Они упаковали всю одежду и книжки и любимые игрушки. Винни даже не плакала – настолько она была оглушена – и старалась затягивать сборы, надеясь на возвращение отца, но вскоре поняла, что это бесполезно.

У тротуара ждал черный автомобиль с открытой дверцей и багажником. Тетя Линн загрузила коробки и усадила девочку на заднее сиденье. С водительского места к ней повернулась улыбчивая блондинка.

– Вас приветствует командир экипажа «Линн и Лена»! Пристегните ремни!

Винни не ответила, лишь закрыла глаза и даже не оглянулась, когда они отъезжали.

За всю последующую жизнь она так и не смогла забыть тот день и первый горький урок: как легко можно отставить ребенка в сторону, будто ненужную вещь. Повзрослев, она поняла, что и у больших нет защиты: неугодную жену так же просто задвинуть в угол, как и дочь.

И теперь, в свои восемьдесят два, она встретила одинокую девушку с нежным сердцем; как и та далекая девочка, она заслуживала лучшей участи. Две добрые женщины помогли брошенной малышке превратиться в сильную личность – теперь ее очередь помочь другой.

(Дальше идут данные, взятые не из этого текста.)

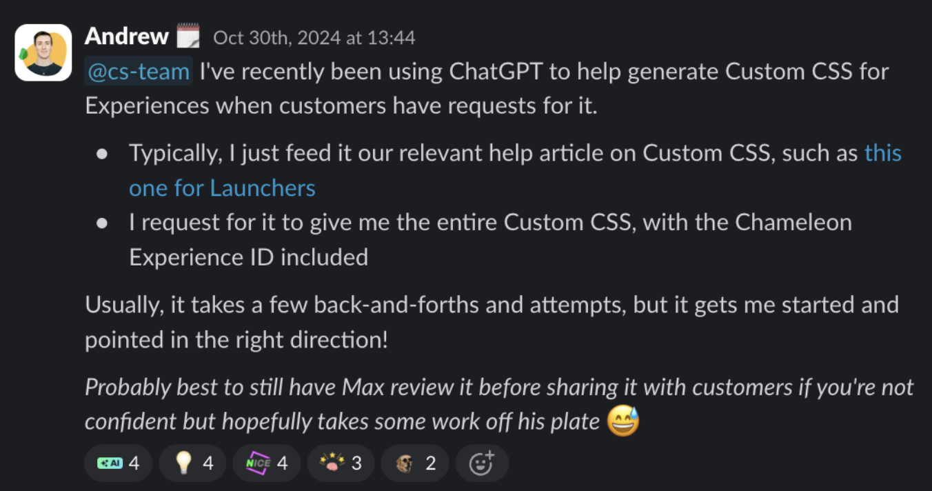 from our own team at Chameleon, using ChatGPT to quickly generate scoped CSS for in-app Experiences, skipping the usual ticketing flow entirely.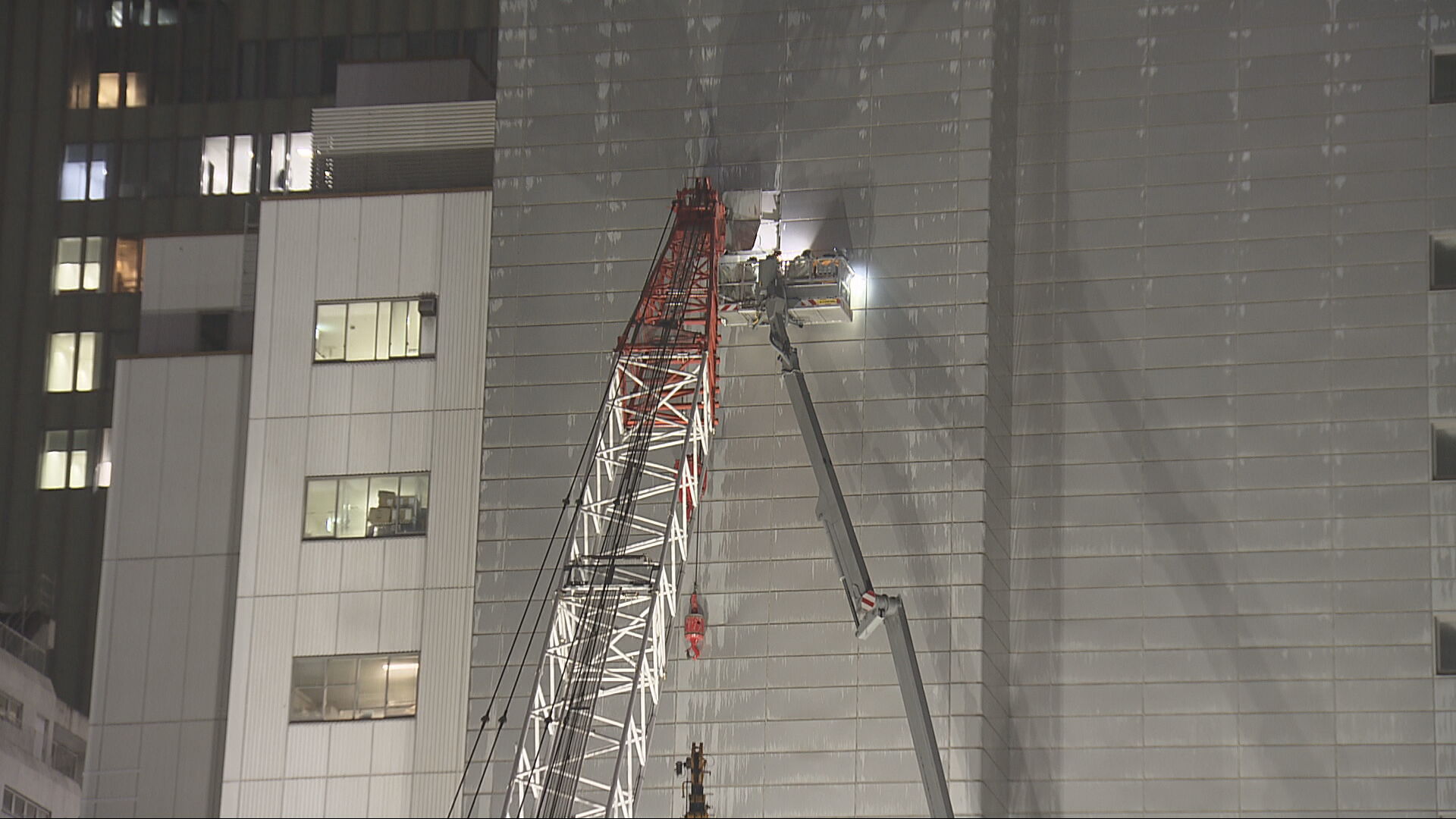 工事の施行会社によりますと、事故はクレーンを上下させるレバーに作業員が誤って触れたことが原因で、クレーンが下がっていることに気付かずにビルに接触したということです。

Если Винни сумеет настоять на своем – а когда было иначе? – Меган снова будет счастлива.

На семинаре по теории цвета Меган приберегла места для Донны и Грейс. К счастью, Грейс села рядом, не дожидаясь приглашения.

В качестве первого задания Гвен велела выбрать любимый цвет и закрасить один сегмент диаграммы, затем, постепенно подмешивая белила, заполнить остальные части полученными вариациями.

Донна принялась было склонять Меган к фиолетовому, но та проворно схватила синий тюбик. Грейс выбрала красный, а Донна – желтый.

– Кто-то же должен быть смелым! – заявила она.

– Ну и в чем тут смелость? – подначила Меган.

– Некоторые художницы вообще отказываются использовать желтый, а некоторые берут так много, что он затмевает остальные цвета, – пояснила Грейс. – Очень трудно соблюсти баланс.

– Да к тому же попробуй найди нужный оттенок, – добавила Донна. – Ищешь сливочный, а в магазине приходится выбирать между «одуванчиком» и «канарейкой».

– Я недавно пробовала сама красить ткань. – Грейс, нахмурившись, разглядывала кончик кисточки. – Хотя какое там «недавно» – уже больше года прошло. Да и вообще…

– А у меня наоборот, – пожаловалась Донна. – Столько проектов, что закончить все не получится – просто не доживу.

– А ты делай как моя мама, – посоветовала Меган. – У нее все начатые одеяла лежат в отдельных коробочках, и на каждой она пишет имя какой-нибудь подруги. Если, боже сохрани, мама умрет, каждая получит свою коробочку и подумает, что одеяло шили специально для нее. Впрочем, недоброжелателей она тоже записывает: говорит, это шикарный способ собрать на похоронах побольше плакальщиц, раздираемых чувством вины.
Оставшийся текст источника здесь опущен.